1. Brockman DJ, Washabau RJ, Drobatz KJ. Canine gastric dilatation/volvulus syndrome in a veterinary critical care unit - 295 cases (1986–1992). Journal of the American Veterinary Medical Association. 1995;207:460–4.
2. Cave NJ, Bridges JP, Cogger N, Farman RS. A survey of diseases of working farm dogs in New Zealand. New Zealand Veterinary Journal. 2009;57:305–12.
3. de Papp E, Drobatz KJ, Hughes D. Plasma lactate concentration as a predictor of gastric necrosis and survival among dogs with gastric dilatation-volvulus: 102 cases (1995–1998). Journal of the American Veterinary Medical Association. 1999;215:49–52.

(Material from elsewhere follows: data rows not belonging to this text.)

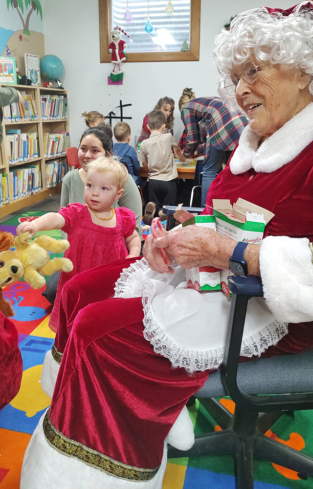 To the Library and Beyond Prairie Community Library, Inc. – Your nonprofit, all volunteer source! Happy New Year to all! Fund-raising volunteers are welcome; indeed, you are greatly encouraged! Bring your financial talents to the Annual meeting of the Board of Directors of Prairie Community Library, Inc. on Thursday 8 February at 10 AM in the Library. “Never doubt that a small group of thoughtful and committed citizens can change the world; indeed, it's the only thing that ever has.” Frances has reviewed the 2024 book, Rescuing the Warrior, by Kooskia, Idaho resident Roxanne Hicks. This volume is a New Addition to our Library collection, donated by Cindy and Emmett Wilson. Ms. Hick’s Christian romantic suspense unfolds a delightful tale about an ex-Marine and an elementary school-teacher. In their story, the couple meets by chance when the former military man, working as an Emergency Medical Technician in Washington State responds to a vehicle accident involving the young lady schoolteacher. Together they gradually learn that things they had been told about relatives and other people in their small town are not true; in fact, some well-respected citizens are involved in drug- and sex-trafficking. This page-turner sensitively includes exploration of topics like living with the scars of dysfunctional families and resistance to accepting higher powers of faith. Pat G. gives us three Thumbs-Up for The Girl With Spunk, a young-adult novel by Judith St. George about women’s rights; the young-adult Mysterious Benedict Trilogy, a page-turner by Trenton Lee Stewart; and A Place To Come Home To by Melody Carlson. Wednesday 31 December is New Year’s Eve; on New Year’s Day – as we begin this New Year we want to thank you for your many thoughtful contributions. We assure you that your donations are greatly appreciated as they provide for daily operations and support a growing fund for a brighter future. January is National Hobby Month. Thursday 1 January is designated as Copyright Law Day reminding us of the legal rights to intellectual property by those who create it. Friday 2 January is National Science Fiction Day, inviting us to read and write more science fiction stories. Saturday 3 January is the birthday of J.R.R. Tolkien. As the year ends, this volunteer will retire from Library service. The Library has added three new part-time volunteers this year, and each of them is another beautiful gem in the set of previously tried-and-true jewels: Emmett and Cindy Wilson, Colleen Wilson, Carissa Jones (and family!), Joan Brown, and Frances Conklin. I’ve had some fun, some trials, and a few victories. As an example of how closely these volunteers work together, Joan asked me to continue writing this column until the end of January – at which time you will begin enjoying the fine work of Frances Conklin. The volunteers who manage and operate Prairie Community Library aspire to a continual internal conversation among the all-volunteer staff regarding the organization’s direction and priorities. Send your volunteer message to cottonwoodlib@gmail.com. “Volunteering can provide job prospects.” Please recommend improvements to the Library’s direction, priorities and customer service. Thank you all! ![]() ![]() ![]() ![]() Santa and Mrs. Claus visited the library during Story Time on Dec. 16. | COTTONWOOD
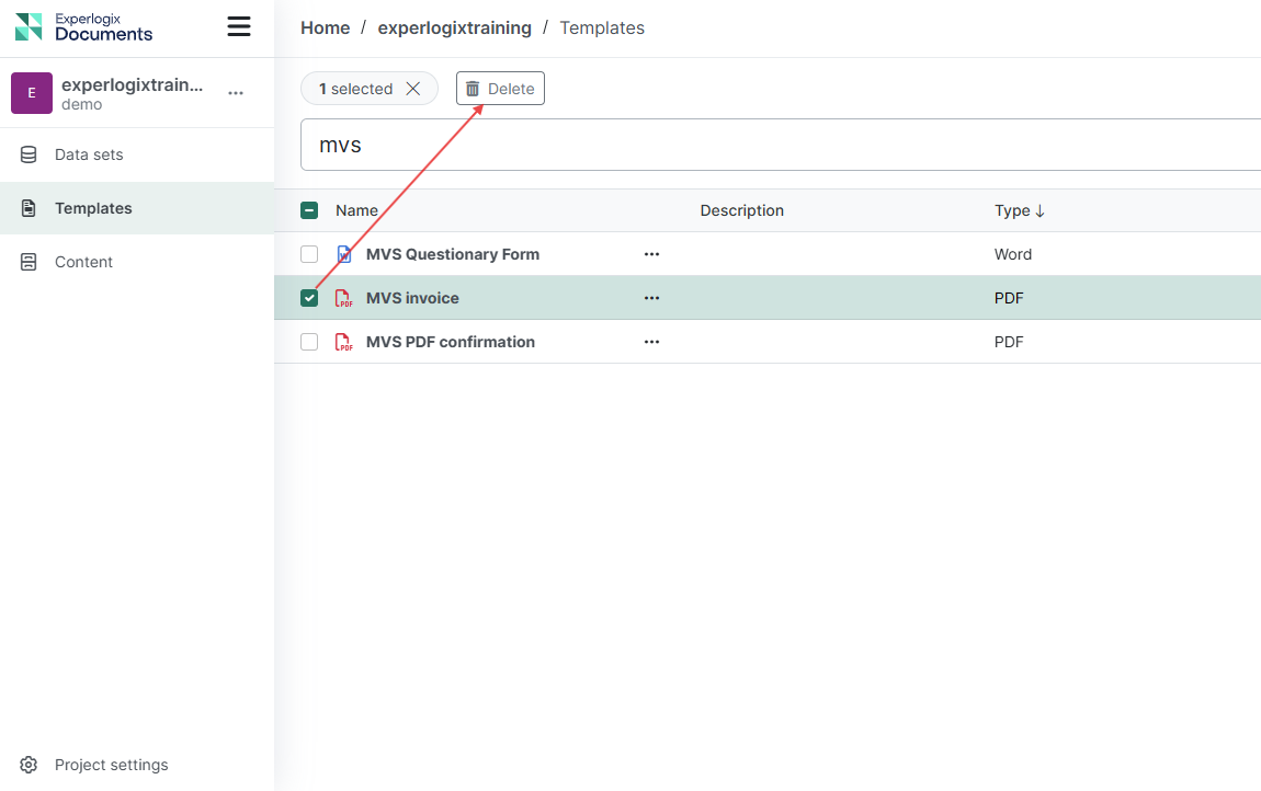 | 1. | Select a Template you want to delete. This will activate the Delete button. |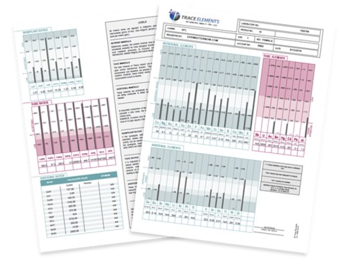 An individualized evaluation and discussion of mineral patterns and their impact on chemistry are written out in the computer generated report by Trace Elements lab. Metabolic type, endocrine and performance indexes are discussed. Also, any important nutritional minerals, essential to overall health, are highlighted if there is any moderate or significant deviation from normal. Dietary supplement recommendations (by Trace Elements, Inc.) are given based solely upon hair mineral patterns determined.

4. Hendriks MM, Hill KE, Cogger N, Jones BR, Cave NJ. A retrospective study of gastric dilatation and gastric dilatation and volvulus in working farm dogs in New Zealand. New Zealand Veterinary Journal. 2012;60:165–70.
5. Moore GE, Burkman KD, Carter MN, Peterson MR. Causes of death or reasons for euthanasia in military working dogs: 927 cases (1993–1996). Journal of the American Veterinary Medical Association. 2001;219:209–14.
6. Moore GE, Levine M, Anderson JD, Trapp RJ. Meteorological influence on the occurrence of gastric dilatation-volvulus in military working dogs in Texas. International Journal of Biometeorology. 2008;52:219–22.
7. Tivers M, Brockman D. Gastric dilation-volvulus syndrome in dogs 1. Pathophysiology, diagnosis and stabilisation. In Practice. 2009;31:66–9.
8. Tivers M, Brockman D. Gastric dilation-volvulus syndrome in dogs 2. Surgical and postoperative management. In Practice. 2009b;31:114–21.